Aside: We should know by now that, before doing any major prompt engineering, we need reliable evals. Without evals, how would we measure improvements or regressions? Here’s my usual workflow: (i) manually label ~100 eval examples, (ii) write initial prompt, (iii) run eval, and iterate on prompt and evals, (iv) eval on held-out test set before deployment. Here are write-ups on practical evals for key tasks and how to build evals with a case study.

We’ll use the Claude Messages API for the prompt and code examples below. The prompts are deliberately kept simple and can be further optimized. The API provides specific roles for the user and assistant, as well as a system prompt.

import anthropic


message = anthropic.Anthropic().beta.messages.create(
    model="claude-3-sonnet-20240229",
    max_tokens=1024,
    system="Today is 26th May 2024.",
	messages = [
		{"role": "user", "content": "Hello there."},
		{"role": "assistant", "content": "Hi, I'm Claude. How can I help?"},
		{"role": "user", "content": "What is prompt engineering?"},
	]
)

Mental model: Prompts as conditioning

At the risk of oversimplifying, LLMs are essentially sophisticated probabilistic models. Given an input, they generate probable outputs based on patterns learned from data.

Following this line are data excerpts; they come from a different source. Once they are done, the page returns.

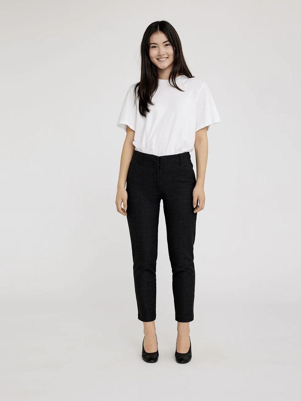 'Julia' er klassiske bukser med konisk passform du kan ha på deg hele dagen, komfortabelt – på din egen måte. Disse er laget av fyldig svartrutet twillvevd stoff i rutete design med 62% resirkulert polyester. Ettersom de er midt i midjen og har en krøllet søm, konstruerte vi dem for å hvile på hoftebeinet, fremheve hoftene og lårene og elegant definere bena. De kommer også med en oppbygget linning som er perfekt med et belte. Og "sigarettkuttet"-silhuetten er preget av en rett og rørlignende bane som ender ved anklene og skummes over bena, noe som understreker Julias elegante natur.
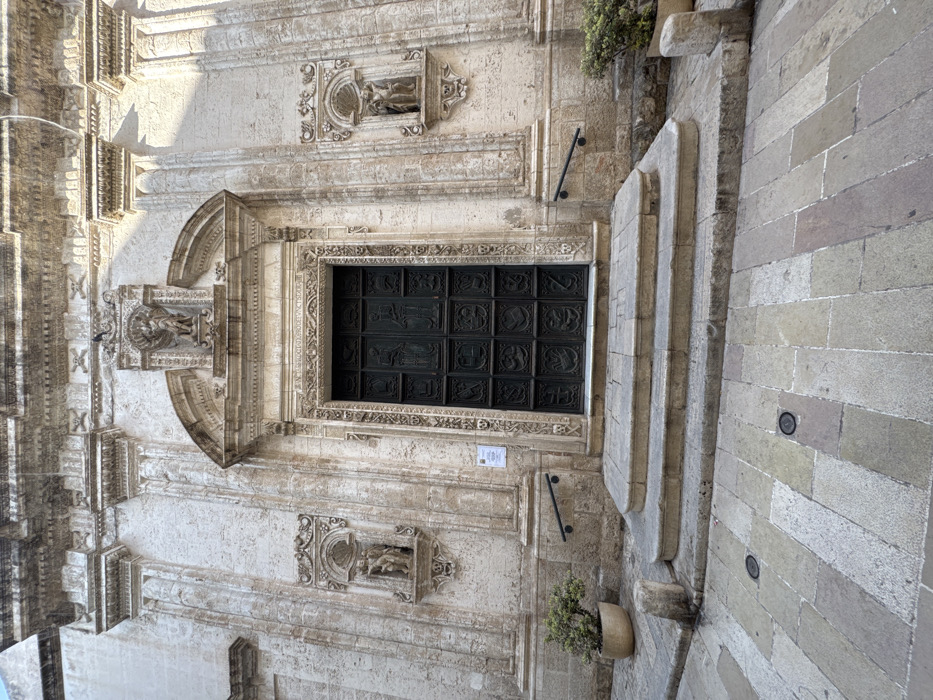 The image displays the ornate Baroque facade of the Basilica Concattedrale di Maria Santissima della Madia, situated in Largo Cattedrale within the Old Town of Monopoli, Italy. A large, dark bronze entrance door, composed of 18 rectangular panels featuring bas-relief scenes, is centrally positioned. This door is framed by an intricately carved light stone architrave, adorned with decorative patterns including skulls. Above the door, a prominent sculpture of the Madonna della Madia is centered within an arched pediment, flanked by decorative pilasters. To the left of the door, a stone niche houses a sculpture identified as St. Michael the Archangel, while a corresponding niche on the right contains a sculpture of St. Joseph with the Child Jesus. The facade itself is constructed from aged, light-colored stone blocks, displaying weathering and architectural detailing such as cornices and friezes. Three wide, shallow stone steps lead up to the entrance, with an additional smaller, curved step at ground level. Black metal handrails are affixed to the stone wall on either side of the steps. Two manicured evergreen plants in light-colored terracotta pots are placed symmetrically on the ground flanking the steps. The ground in the immediate foreground is paved with irregularly shaped, light-toned stone slabs, exhibiting variations in grey and beige, interspersed with two dark circular utility covers. The scene is illuminated by strong sunlight originating from the right, casting distinct shadows. No individuals are present in the frame.
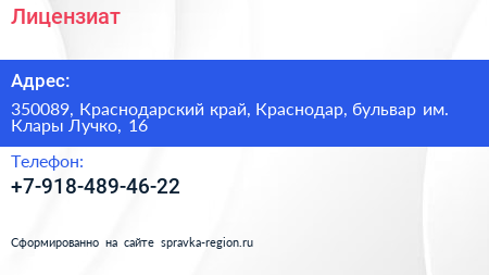 Лицензиат по адресу 350089, Краснодарский край, Краснодар, бульвар им. Клары Лучко, 16 в дальнейшем Организация, размещена в следующих категориях:

Thus, at its core, prompt engineering is about conditioning the probabilistic model to generate our desired output. Thus, each additional instruction or piece of context can be viewed as conditioning that steers the model’s generation in a particular direction. This mental model applies to image generation too.

Consider the prompts below. The first will likely generate a response about Apple the tech company. The second will describe the fruit. And the third will explain the idiom.

# Prompt 1
Tell me about: Apple

# Prompt 2
Tell me about: Apple fruit

# Prompt 3
Tell me about: Apple of my eye

By simply adding a few tokens, we have conditioned the model to respond differently. By extension, prompt engineering techniques like n-shot prompting, structured input and output, CoT, etc. are simply more sophisticated ways of conditioning the LLM.

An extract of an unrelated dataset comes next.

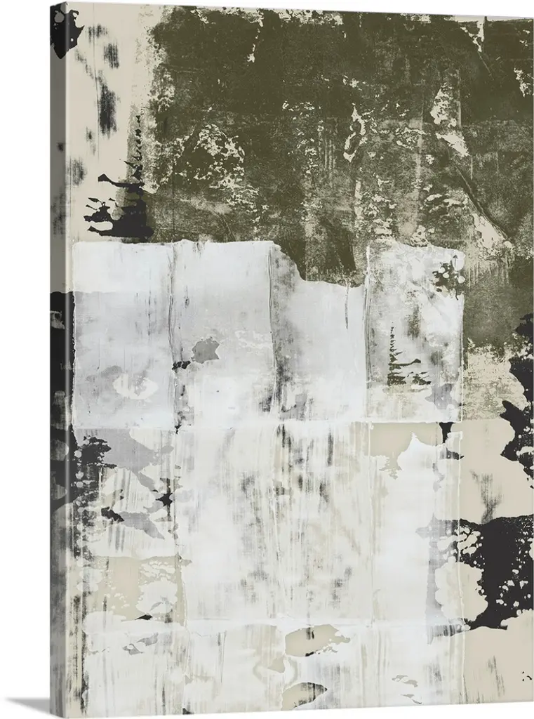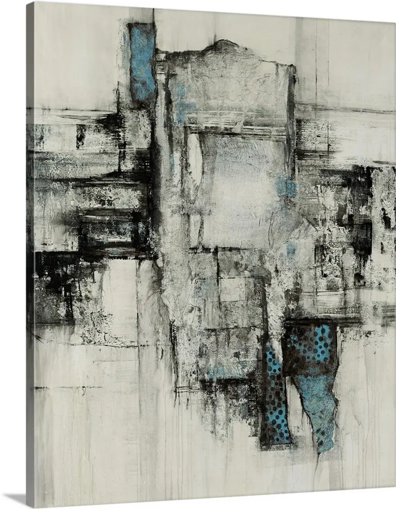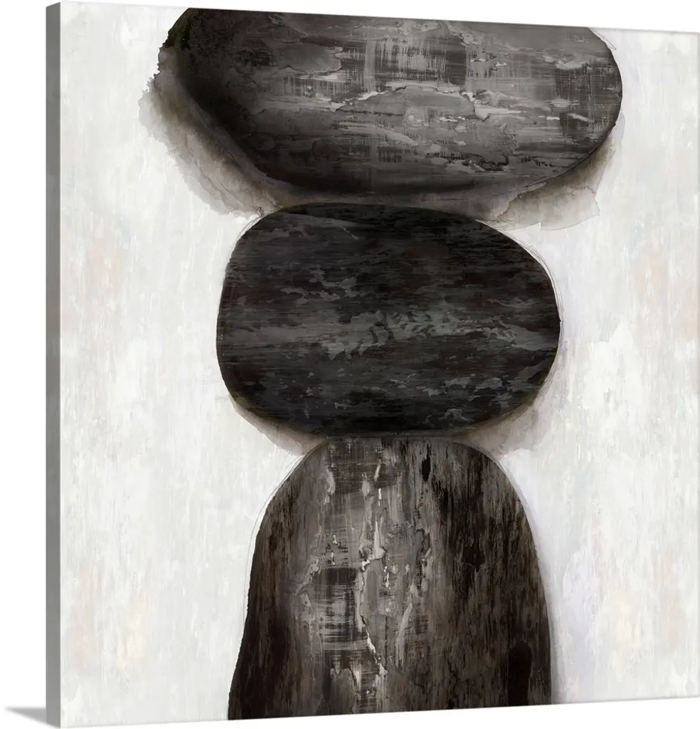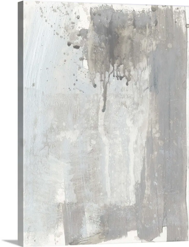 A square abstract painting in varies tones of gray with thin black circles overlaying.

Assign roles and responsibilities

One way to condition the model’s output is to assign it a specific role or responsibility. This provides it with context that steers its responses in terms of content, tone, style, etc.

Consider the prompts below: Because the assigned roles vary, we can expect very different responses. The preschool teacher will likely respond with simple language and analogies while the NLP professor may dive into the technical details of attention mechanisms.

# Prompt 1
You are a preschool teacher. Explain how attention in LLMs works.

# Prompt 2
You are an NLP professor. Explain how attention in LLMs works.

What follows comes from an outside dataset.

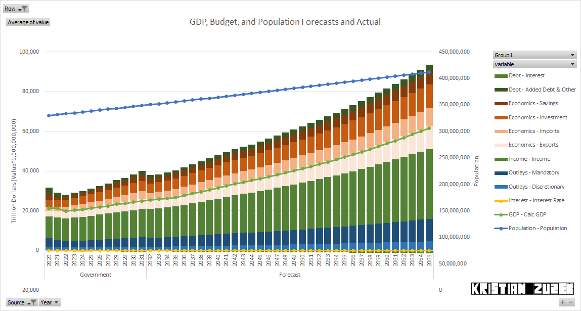 Budget of The Dollar Empire. The White House and Congressional Budget Office publish public data for yearly budgets. In order to understand the trajectory I have reverse engineered their numbers. I am not an engineer.

Roles and responsibilities can also improve accuracy on most tasks. Imagine we’re building a system to exclude NSFW image generation prompts. While a basic prompt like prompt 1 might work, we can improve the model’s accuracy by providing it with a role (prompt 2) or responsibility (prompt 3). The additional context in prompts 2 and 3 encourages the LLM to scrutinize the input more carefully, thus increasing recall on more subtle issues.

# Prompt 1
Is this image generation prompt safe?

# Prompt 2
Claude, you are an expert content moderator who identifies harmful aspects in prompts.
Is this image generation prompt safe?

# Prompt 3
Claude, you are responsible for identifying harmful aspects in prompts.
Is this image generation prompt safe?

Structured input and output

Structured input helps the LLM better understand the task and input, improving the quality of output. Structured output makes it easier to parse responses, simplifying integration with downstream systems. For Claude, XML tags work particularly well while other LLMs may prefer Markdown, JSON, etc.

In this example, we ask Claude to extract attributes from a product <description>.

<description>
The SmartHome Mini is a compact smart home assistant available in black or white for 
only $49.99. At just 5 inches wide, it lets you control lights, thermostats, and other 
connected devices via voice or app—no matter where you place it in your home. This 
affordable little hub brings convenient hands-free control to your smart devices.
</description>

Extract the <name>, <size>, <price>, and <color> from this product <description>.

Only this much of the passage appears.